Work instruction >> Write out, word for word, each line from the start of the entries through the one holding "12일 대전 한화생명볼파크에서"; omit the pictures.

[Records drawn from a dataset]
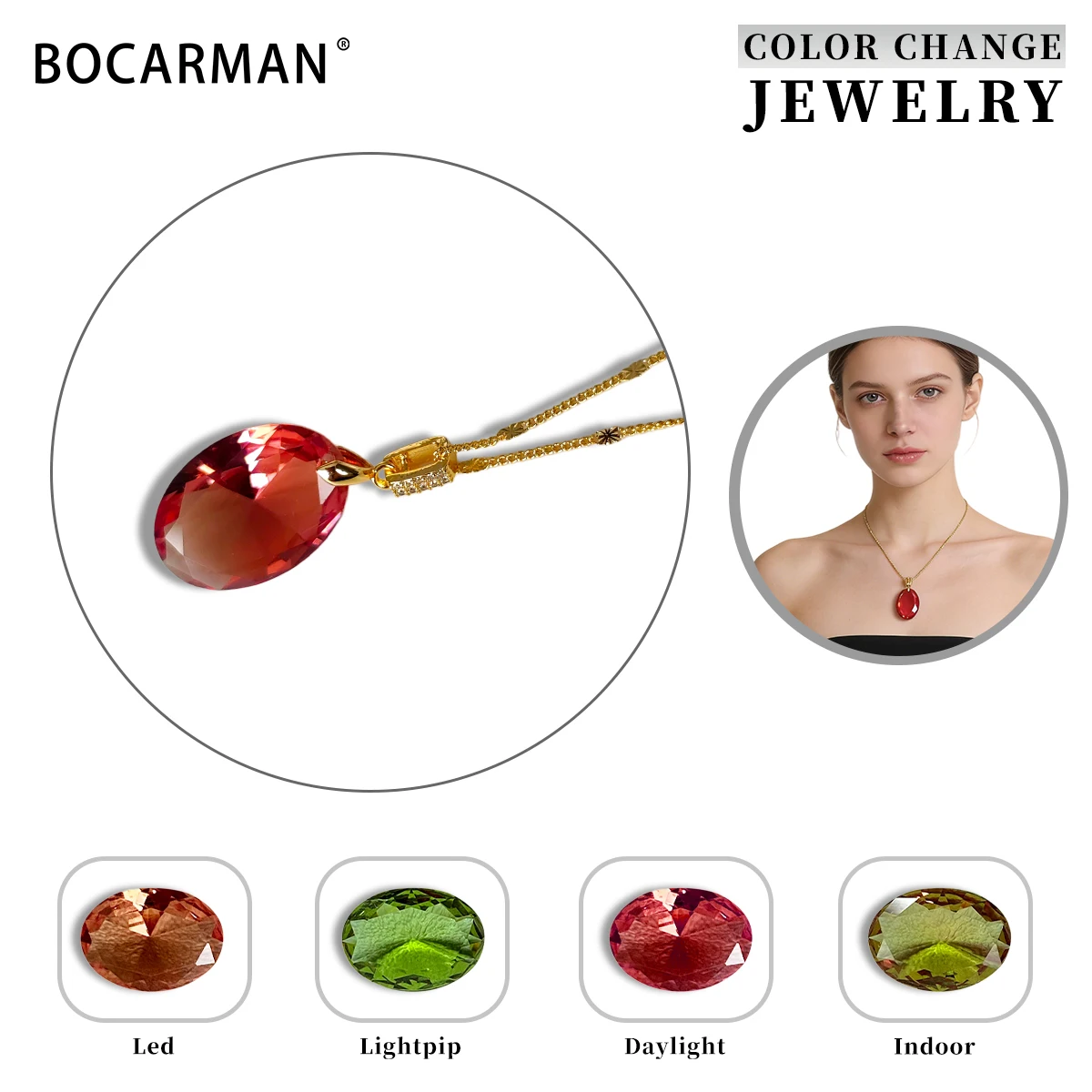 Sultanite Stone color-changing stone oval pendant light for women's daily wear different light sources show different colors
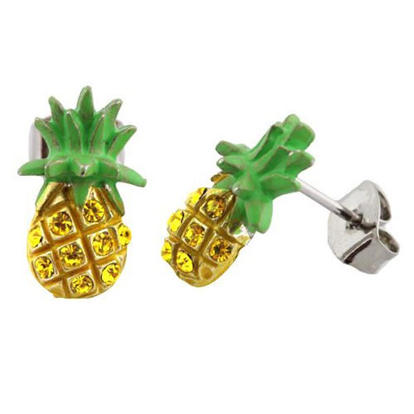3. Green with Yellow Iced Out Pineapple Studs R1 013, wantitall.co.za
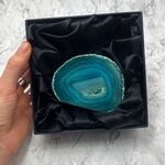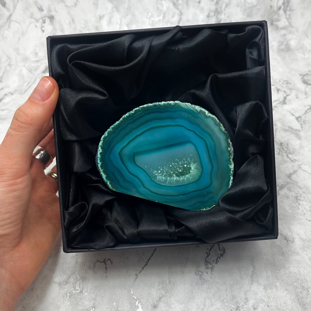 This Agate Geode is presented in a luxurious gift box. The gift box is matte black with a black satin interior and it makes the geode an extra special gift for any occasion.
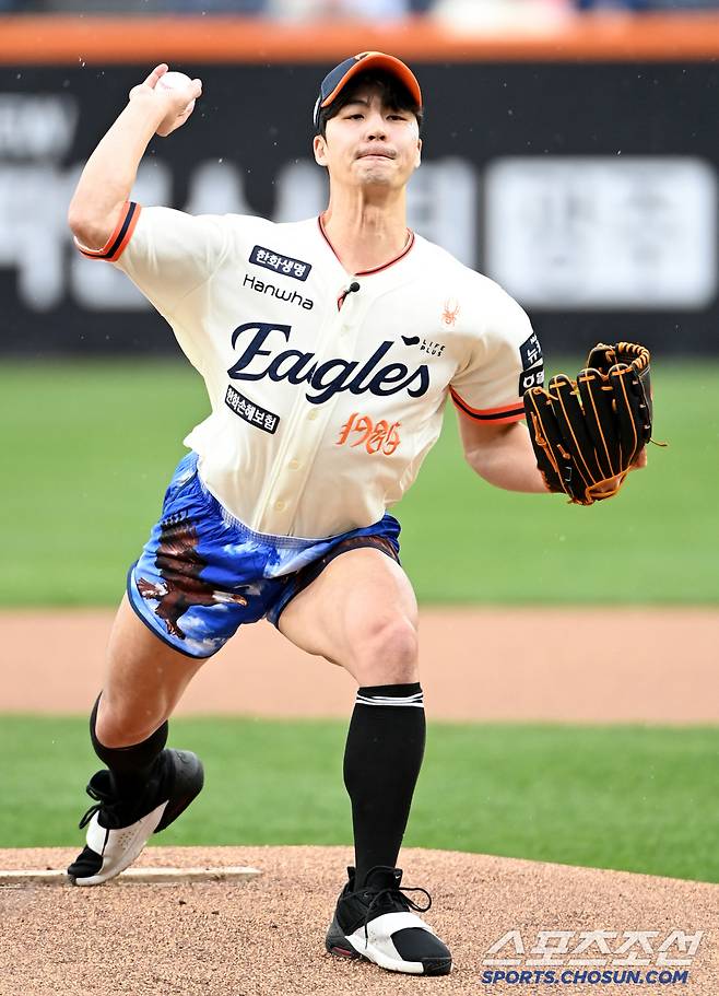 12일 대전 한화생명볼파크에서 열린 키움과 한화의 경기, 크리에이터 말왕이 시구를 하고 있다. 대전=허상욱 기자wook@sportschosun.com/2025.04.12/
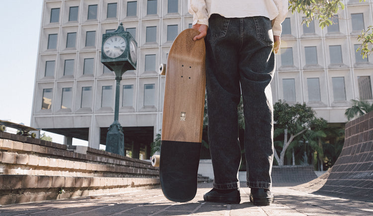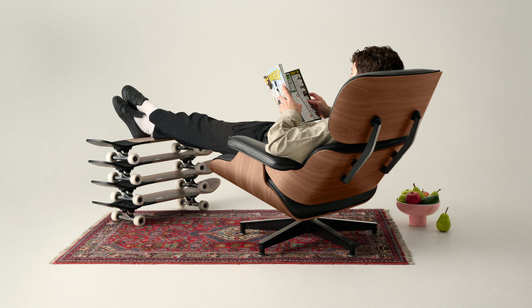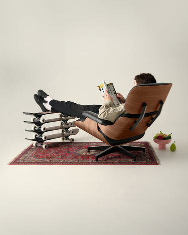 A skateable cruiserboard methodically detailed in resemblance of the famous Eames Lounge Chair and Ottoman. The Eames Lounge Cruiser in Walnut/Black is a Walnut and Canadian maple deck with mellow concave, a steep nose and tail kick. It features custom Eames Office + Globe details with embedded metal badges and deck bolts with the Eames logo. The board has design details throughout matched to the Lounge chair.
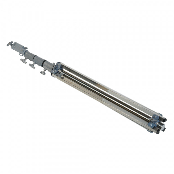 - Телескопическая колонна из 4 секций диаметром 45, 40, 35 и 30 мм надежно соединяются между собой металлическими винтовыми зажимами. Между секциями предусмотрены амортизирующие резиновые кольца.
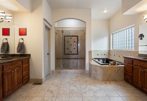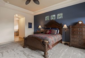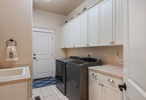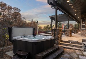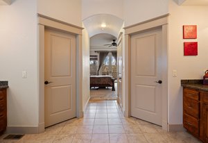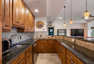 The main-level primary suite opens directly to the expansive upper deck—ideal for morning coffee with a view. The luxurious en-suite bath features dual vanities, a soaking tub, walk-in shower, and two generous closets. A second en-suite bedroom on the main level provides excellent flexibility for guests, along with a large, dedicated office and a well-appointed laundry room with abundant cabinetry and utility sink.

Task result >>
 Sultanite Stone color-changing stone oval pendant light for women's daily wear different light sources show different colors
3. Green with Yellow Iced Out Pineapple Studs R1 013, wantitall.co.za
 This Agate Geode is presented in a luxurious gift box. The gift box is matte black with a black satin interior and it makes the geode an extra special gift for any occasion.
 12일 대전 한화생명볼파크에서 열린 키움과 한화의 경기, 크리에이터 말왕이 시구를 하고 있다. 대전=허상욱 기자wook@sportschosun.com/2025.04.12/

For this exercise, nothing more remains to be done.